A ruling by a Marin County judge has lifted a 2012 injunction issued by the same court which had blocked executions in California. The ruling by Superior Court Judge Roy O. Chernus answered a January 21, 2018 motion by the Criminal Justice Legal Foundation (CJLF) on behalf of Kermit Alexander. Alexander’s mother, sister, and two nephews were murdered in 1984 by gang member Tiequon Cox, who is on death row awaiting execution. Alexander is also the proponent of Proposition 66, the initiative adopted in 2016 to remove unnecessary delay from the state’s death penalty process.
One of the causes of delay was a court-ordered requirement that execution protocols be adopted under the state’s cumbersome Administrative Procedure Act. The 2012 injunction was issued after condemned murderer Michael Sims claimed that the California Department of Corrections and Rehabilitation (CDCR) had failed to properly meet that requirement. That requirement was eliminated by Proposition 66.
After legal challenges to the initiative were rejected by the California Supreme Court last October, the state could have immediately moved to have the injunction vacated. In January, CJLF filed the motion, which was later joined by the CDCR.
A hearing on the motion was set for today. Yesterday, Judge Chernus issued a tentative ruling granting the motion. When the attorneys for Sims declined to challenge that ruling in oral argument, the hearing was cancelled and the ruling became final.

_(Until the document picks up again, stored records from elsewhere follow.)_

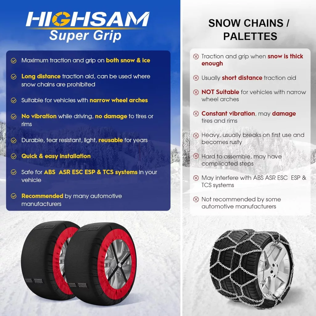 Șosete de zăpadă highsam Super Grip - Lanț Textil pentru Zăpadă pentru Mașini, cu Certificare EN 16662-1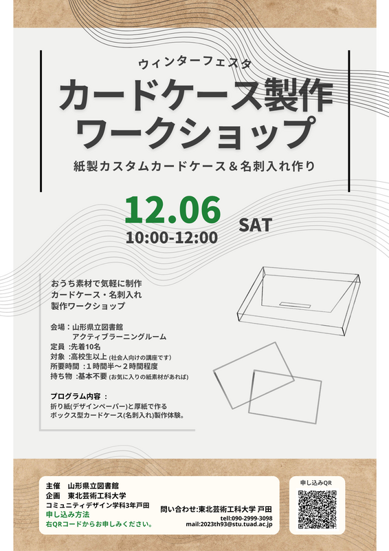 山形県立図書館では、東北芸術工科大学と連携し、「カードケース製作ワークショップ」を開催します!
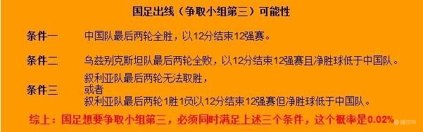 末轮决战前,中国队必须主场取胜十二年未曾赢过的苦主卡塔尔,同时还需满足以下五个条件中的三个方可晋级: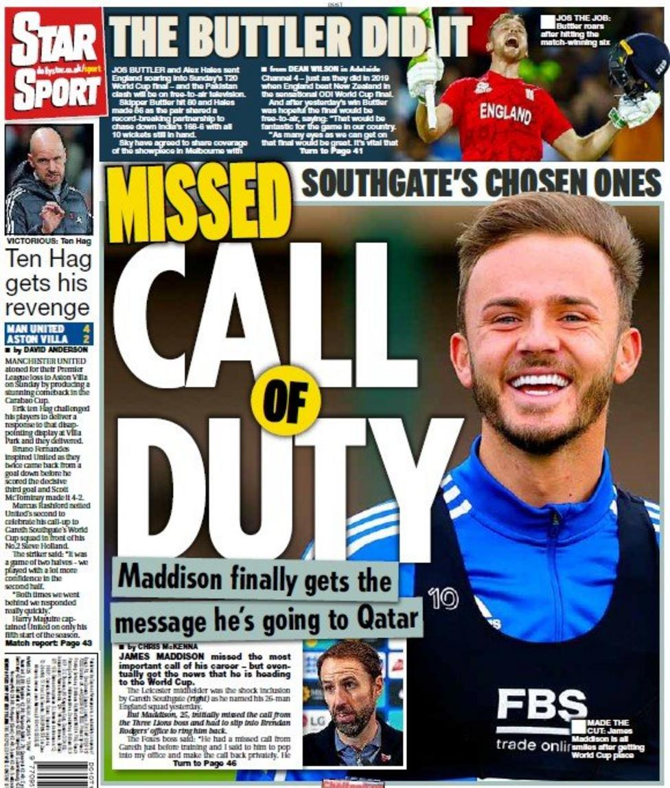 ومن جانبها عنونت صحيفة "ديلي ستار": "تفويت نداء الواجب.. ماديسون يحصل أخيرا على رسالة الذهاب إلى قطر".

Responding to the ruling, CJLF Legal Director Kent Scheidegger said, “this is the first of several legal steps necessary to resume executions in California. There is a federal court injunction which must also be lifted, and death penalty opponents have filed new lawsuits to block executions. We will be taking action to address these obstacles in the weeks ahead. The voters have spoken, and we will do what it takes to see that the law they enacted is enforced.”